W takim razie okazuje się, że sesje, które udało się nam graczom odegrać stanowią pełnoprawne teksty kultury. Tym lepiej, jeśli pojawiły się ich zapisy w sieci. Znam nawet jednego człowieka, który na maturze z polskiego powołał się na przykład z sesji wcześniej wspomnianego Michała Bańki. Matura poszła mu naprawdę dobrze :)


KILKA SŁÓW NA KONIEC


To z pewnością nie są wszystkie funkcje, które spełniają gry fabularne. Warto jednak od czegoś zacząć, by zobaczyć, że RPG są super pod wieloma względami.

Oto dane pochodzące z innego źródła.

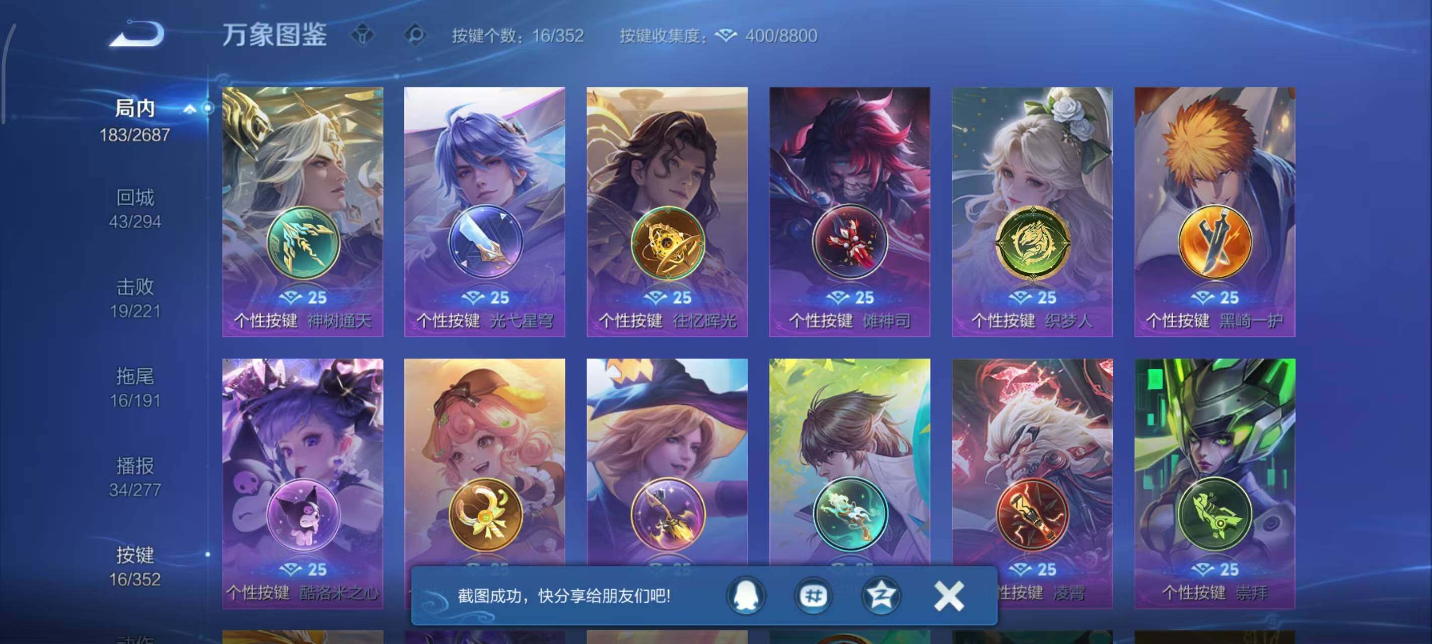 娜可露露晚萤,伽罗箭羽风息,不知火舞魅语,大乔猫狗日记,诸葛亮黄金分割率,王昭君偶像歌手,项羽苍穹之光,孙尚香时之恋人,阿轲暗夜猫娘,雅典娜冰冠公主,鲁班七号电玩小子,嬴政摇滚巨星,安琪拉时之奇旅,刘邦德古拉伯爵,兰陵王暗隐猎兽者,曹操幽灵船长,宫本武藏鬼剑武藏,亚瑟心灵战警,钟馗乐园奇幻夜,廉颇地狱岩魂,夏侯惇乘风破浪,花木兰水晶猎龙者,铠曙光守护者,吕布圣诞狂欢,百里守约特工魅影,李白千年之狐,高渐离燃音魔法,伽罗琥珀纪元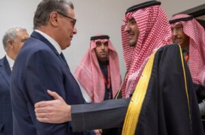 التقى صاحب السمو الملكي الأمير عبدالعزيز بن سعود بن نايف بن عبدالعزيز وزير الداخلية، في مراكش، اليوم، معالي رئيس الحكومة بالمملكة المغربية عزيز أخنوش.

Zatem jeśli kiedykolwiek ktoś powie Ci, że te Twoje zabawy w elfy są durne i bez sensu, pokaż mu tego posta. Na nasze erpegowe szczęście, mamy naprawdę ciekawe i rozwijające hobby!


 

TEKSTY NAUKOWE, Z KTÓRYCH KORZYSTAŁAM:


Dudziński R., Wróblewska A., Wstęp. Kultura gier fabularnych, [w:] Gry fabularne. Kultura – praktyki – konteksty, red. R. Dudziński, A. Wróblewska, Wrocław 2016.


Fiałkowski M., Wykorzystanie gier narracyjno-fabularnych w formie psychoterapii, "Alcumena", 3/3 (2020).


Juza M., Gry fabularne RPG jako szczególny przykład adaptacji tekstów kultury popularnej, „Annales Universitatis Paedagogicae Cracoviensis Studia de Cultura”, 5 (2013).


Krawczyk S., Gry fabularne w polskich badaniach psychologicznych w latach 2001 – 2008, „Homo Ludens” 1/4 (2012).


Matkowski C., Tożsamość i osobowość w relacjach gracz-postać w grach fabularnych, „Homo Communicativus” 5 (2008).


Mochocki M., Teatralne gry fabularne (LARP-y) w nauczaniu szkolnym, „Homo Ludens”, 1 (2009).


Romaneczko J., Walory edukacyjno – terapeutyczne gier fabularnych – metaanaliza, „Ogrody Nauk i Sztuk, 9 (2019).


Szymanik A., Kostrzewski M., Gry narracyjne jako metoda i narzędzie w nauce, „Forum Dydaktyczne: przeszłość, teraźniejszość, przyszłość”, 9/10 (2012).